The studied compounds share with cyclopamine the same hydrophobic interactions with residues L303, Y394, F484, and P513, assuming a similar profile of hydrophobic interactions (Table 1). Despite this, the investigated compounds totally lost the hydrogen bond with E518, which probably could be explained with the flipped-over conformation of the steroidal core. Instead of this, the 3-OH group of compounds 1, 4, 5, and 7 formed H-bonds with D473, and the 3-OH group of compounds 4 and 7 formed additional H-bonds with R480. Also, all of the studied compounds formed additional H-bonds by its isoxazole moieties with Y207 and/or K395, depending on the system, except the compound 3, which formed a H-bond by its pyridine fragment with K395.
The average predicted affinities for each chosen cluster showed large negative values, lesser than −10 kcal/mol, which allows us to propose that the studied compounds are potent ligands of SMO, and the most potent ones are 3 and 4 (the predicted affinities are −12.1 kcal/mol for both compounds). The high predicted affinities and the additional H-bonds, formed by compounds, may indicate that they are more potent and specific inhibitors of the SMO receptor, compared to cyclopamine (Figure 1).
2.2. Cytotoxicity Analysis of Compounds 1–8 in HeLa Cells and A549 Cells
Cell lines HeLa and A549 were chosen as a model of human cancers expressing Hh receptors [18,19]. A study of isoxazolyl steroids as the proliferation regulators using the MTT assay showed that most of compounds possess moderate toxicity both in Hela and in A549 cells (Figure 2).
In HeLa cells, the most effective compounds were 1 (IC50 = 142 µM) and 2 (IC50 = 36 µM). They had the greatest toxicity and slowed down proliferation of (Figure 2a), while all other compounds did not exhibit toxic properties and not affected the growth of Hela cells. In A549 cells, the greatest cytotoxicity showed compounds 3 (IC50 = 16 µM) and 4 (IC50 = 19 µM), compared to other isoxazolyl steroids (Figure 2b). Thus, for each cell line, compounds with the greatest cytotoxicity were found.
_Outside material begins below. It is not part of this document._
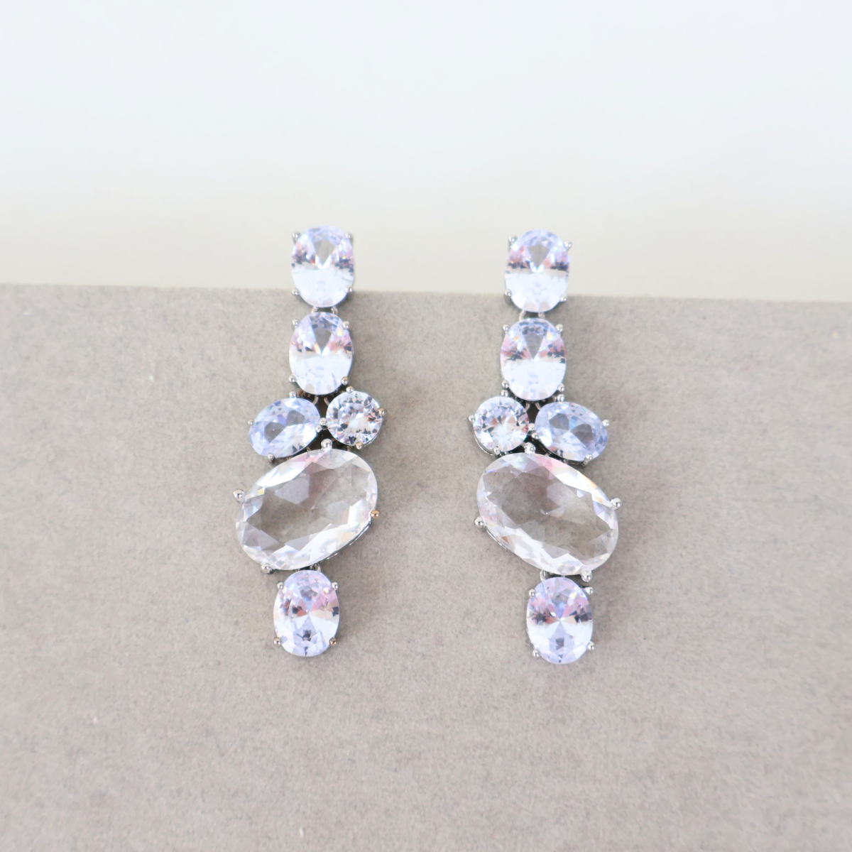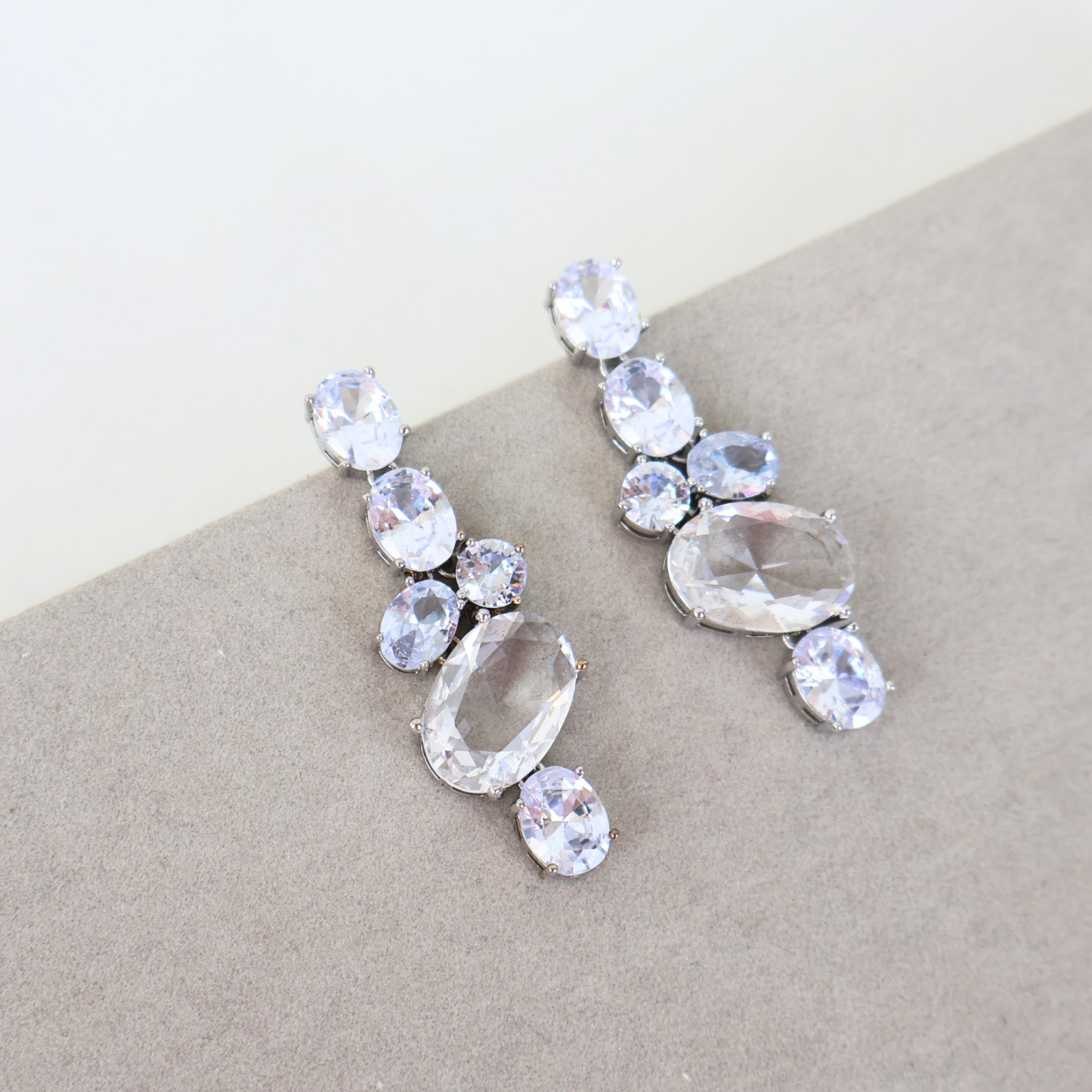 Brinco Prateado e Cristal Translúcido - Semijoia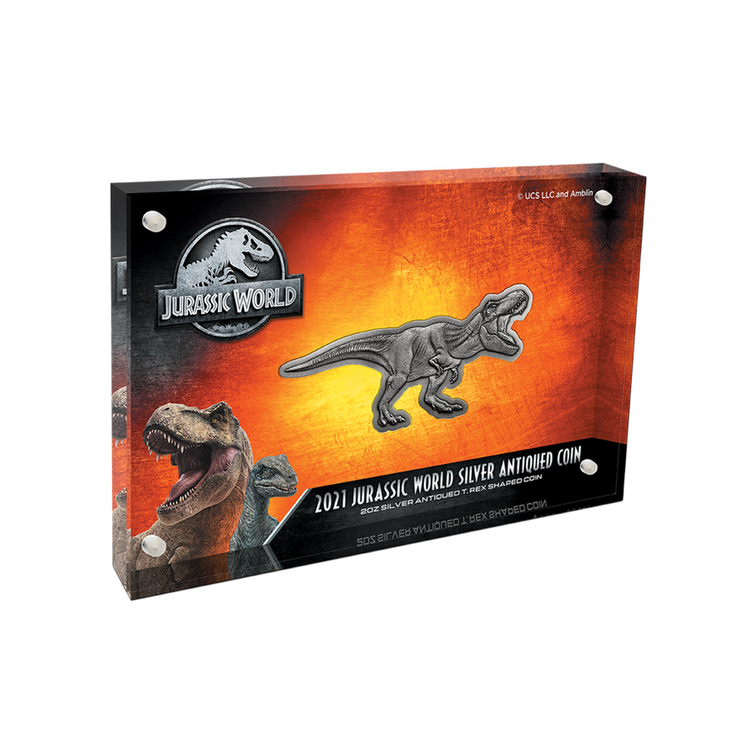 2022 2 oz Antique Niue Silver Jurassic World T-Rex Sign Shaped Coin - 24h Shipping! is a true treasure for dinosaur enthusiasts and fans of the Jurassic Park movie. This unique investment is not only visually stunning but also has the potential for value growth. Made from high-quality silver weighing two ounces, this coin will delight any collector and investor.

2.3. Effect of Compounds 1, 2, 3, and 4 on the Cell Cycle
The cytostatic effect of compounds 1 and 2 on HeLa cells was evaluated based on cell cycle analysis. DNA content was analyzed by staining with propidium iodide (PI) with subsequent flow cytometry (Figure 3). An analysis of cell distribution in different cell cycle phases showed that treatment with both compounds caused a shift of almost all cells to the left in the region of the subG0/G1 peak. The percentage of apoptotic cells was 90% and 97% for 1 and 2, respectively. This indicates a strong cytotoxic effect from both compounds.
The cytotoxic effects of compounds 3 and 4 in A549 cells were visualized using propidium iodide (PI) flow cytometry (Figure 4). A small difference in their effects on A549 cell proliferation was observed. Both compounds significantly increased the number of events at the subG0/G1 peak compared to the untreated cells. The percentage of apoptotic cells was 46% and 48% for 3 and 4, respectively. These data indicate a moderate cytotoxic effect from both compounds.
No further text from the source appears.